SIHP has dedicated servers to support the environment as well as secured research workstations in a virtualized networked environment to support a variety of project and data security needs. Data programmers use separate computers for data analysis and email/internet activities. Desktop data is backed up daily, and backup is available in the secure research environment depending on the specific needs of the project or security demands. Brandeis has a full fiber-optic backbone with additional upgrades installed on an ongoing basis as required. When required, research data can conform to HIPAA privacy requirements. Data on workstations can be encrypted and secure data transfer software is available on all workstations and servers. Sophisticated statistical computer programming capability is an integral component of SIHP expertise.

Data Security

As a premier research university, Brandeis handles data of a highly sensitive nature. The sensitivity is reflected by the requirements in the Data Use Agreements (DUAs) that Brandeis researchers are required to sign before data providers will release research data. Security measures include annual training for all programmers using sensitive data, storing data on terminal servers in locked rooms, unique IDs and complex passwords for all individuals with data access, retention of log files throughout the life of the project, and secure remote access. Any identified data can be stored on continuously encrypted hard drives. Backup copies of the data are kept separate from other backup files in a locked location. Data must be destroyed or returned upon expiration of the DUA.
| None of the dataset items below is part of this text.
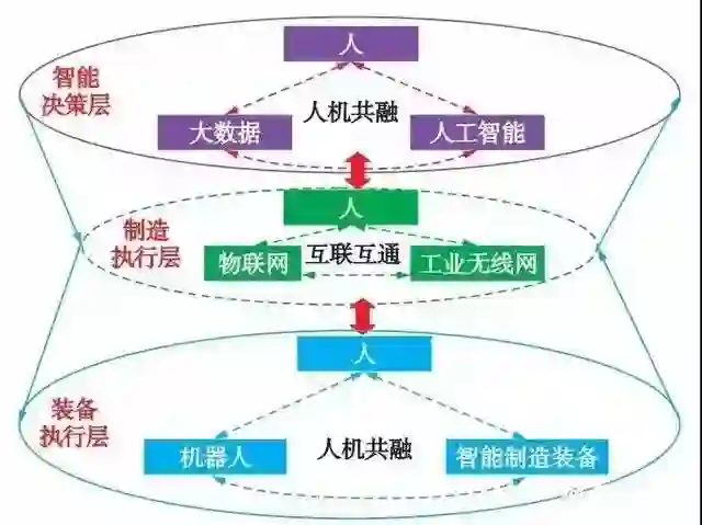 现代新信息技术使人能够“再进入”生产系统。人将在物理层、执行层、决策层与制造系统加强介入与合作,实现人、智能制造装备与机器人在制造过程中的合作。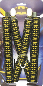 The classic bat-logo rules on these cool Batman suspenders! The Batman Logo Stack Black Suspenders are black. They include two adjustable elastic straps, each 1-inch wide, with metal clips. Each suspender features stacked images of the bat-logo, a black bat within a yellow oval, symbolizing the Dark Knight from DC Comics' Batman series!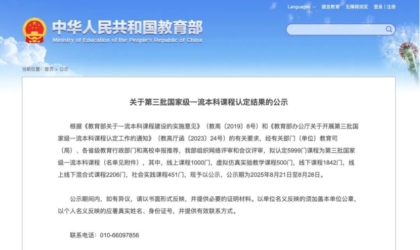 近日,教育部公示了第三批国家级一流本科课程认定结果,威廉官网中国官方网站《大学语文》《仪器分析》两门课程成功入选,这是学校在教学改革与课程建设领域取得的又一重要成果,标志着威廉官网中国官方网站在本科课程建设领域实现重大突破,课程质量与建设水平获国家级权威认可。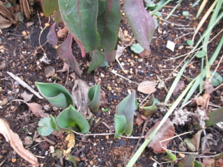 チューリップ、やっと芽が出てきました。

SIHP has extensive experience working with highly sensitive personally identifiable data (PID). For projects with secure data, Brandeis houses data on secure workstations that are only accessible to authorized users. Each user has a unique, complex password that is changed on a regular basis. To avoid unnecessary risk from viruses, malware, trojan horses, and worms, these secure research workstations have no direct internet access and do not have trust relations with other Brandeis domains. All secure workstations use SSH software for secure data transfer. To avoid creating multiple copies of the data, statistical programs are backed up to a separate computer, but data files are never copied from the secure workstation. Intermediate data sets are destroyed as soon as they are no longer necessary. Data backups are performed regularly to a separate secure location on site when appropriate.

In addition to these specific activities, data security policies and practices are further reinforced by Brandeis University's Information Security Plan.